Let's first understand what raised grain is; raised grain is created by sanding and to a lesser extent planning or scraping. As you smooth the wood with any of these operations you cut wood fibers such that they are free to flap about (they are not continuous). When you apply ANY liquid the loosened fibers absorb the liquid, swell, and protrude upward from the surface of the wood. When the liquid evaporates the fibers remain in their upright position. It is a bit (though not exactly) like your hair behaves when you get it cut short—it doesn't lay flat, but wants to stick up.

To a certain extent this problem (if it even is a problem) can be alleviated by pre-raising the grain. This is done by sanding to your final grit and then lightly wetting the surface with water to intentionally raise the grain. When the water evaporates you can then very lightly sand to remove the raised wood fibers. The theory is that once raised (and removed) the fibers won't raise again under finish. The problem is that the theory is correct; but, it is the execution that is flawed. It is true that the fibers that rose before won't rise again. But, when you cut them away with the light sanding you expose new fibers that were previously held in place by the ones you just removed. These will rise when you apply your finish.

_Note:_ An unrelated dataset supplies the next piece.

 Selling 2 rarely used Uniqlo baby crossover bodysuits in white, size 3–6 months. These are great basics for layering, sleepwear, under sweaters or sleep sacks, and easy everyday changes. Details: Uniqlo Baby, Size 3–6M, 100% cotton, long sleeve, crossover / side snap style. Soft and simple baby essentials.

In short, the whole issue of pre-raising the grain, and raised grain following the application of a water-soluble dye is a big so-what. It (pre-raising the grain) is a finishing step to be executed by folks with entirely too much time on their hands. Why? Simple! Here are a couple of clues. What happens to the raised grain when you apply your first coat of finish? Some folks like to refer to this coat as the "sealer" coat because it seals the grain. Many of us, when using oil-based finishes prefer to thin the first coat more than succeeding coats so that it will better penetrate the grain. Any thoughts yet..?

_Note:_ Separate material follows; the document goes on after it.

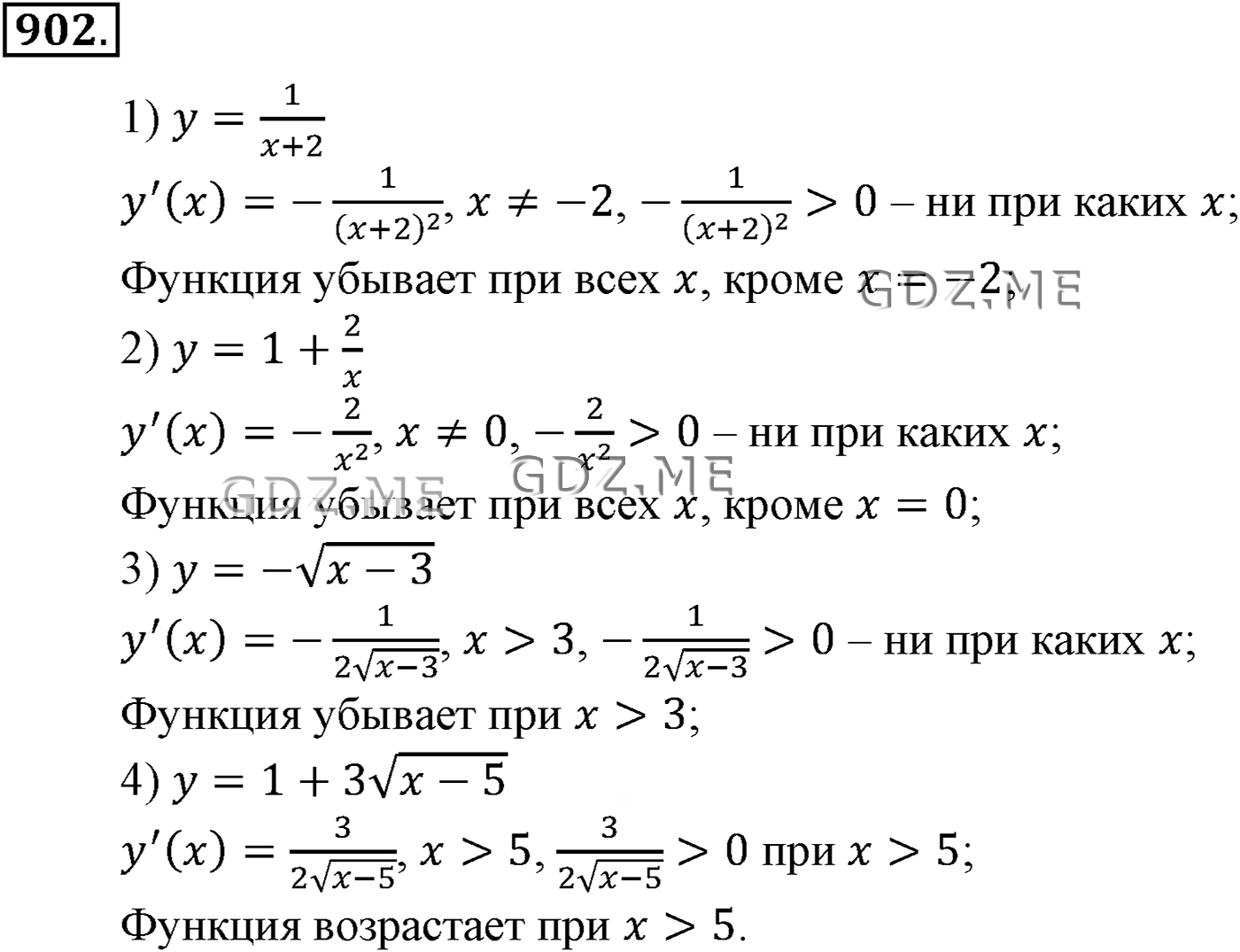 ГДЗ по Алгебре за 10 и 11 класс Алимов, Колягин. Ответ на Задание номер 902 (Глава 9 Применение производной к исследованию функций)

The first coat locks the raised fibers in place so that when you sand prior to applying the next coat of finish you remove them and level the surface. You didn't need to go to all the effort of either preventing them or removing them. They don't cause a problem (other than to those among us that believe the wood should be baby butt smooth at the end of all finishing steps). They are no more an issue than any of the other causes of roughness in your first finish coat.

For what little it may be worth, I sand to 180g or 220g, or scrape, depending on the wood; apply my dye, and then apply the finish. I never engage in pre-raising the grain and I emphatically emphasize that the color coat, however applied, should not be sanded. The bottom line, Don't spend a lot of time agonizing over the first step in your finishing schedule. The color coat requires only a visual inspection—did you get the color you wanted and is it consistent and evenly applied. How it feels is irrelevant. Get on with your topcoat making sure that it is properly thinned and applied so as to minimize air bubbles, dust, brush or wiping marks, etc. and let the finish level itself by attending to proper technique. After applying your first coat, let it dry and then lightly sand. You will be sanding the first coat, not the stain or the wood surface.

CLOSE QUOTE


----------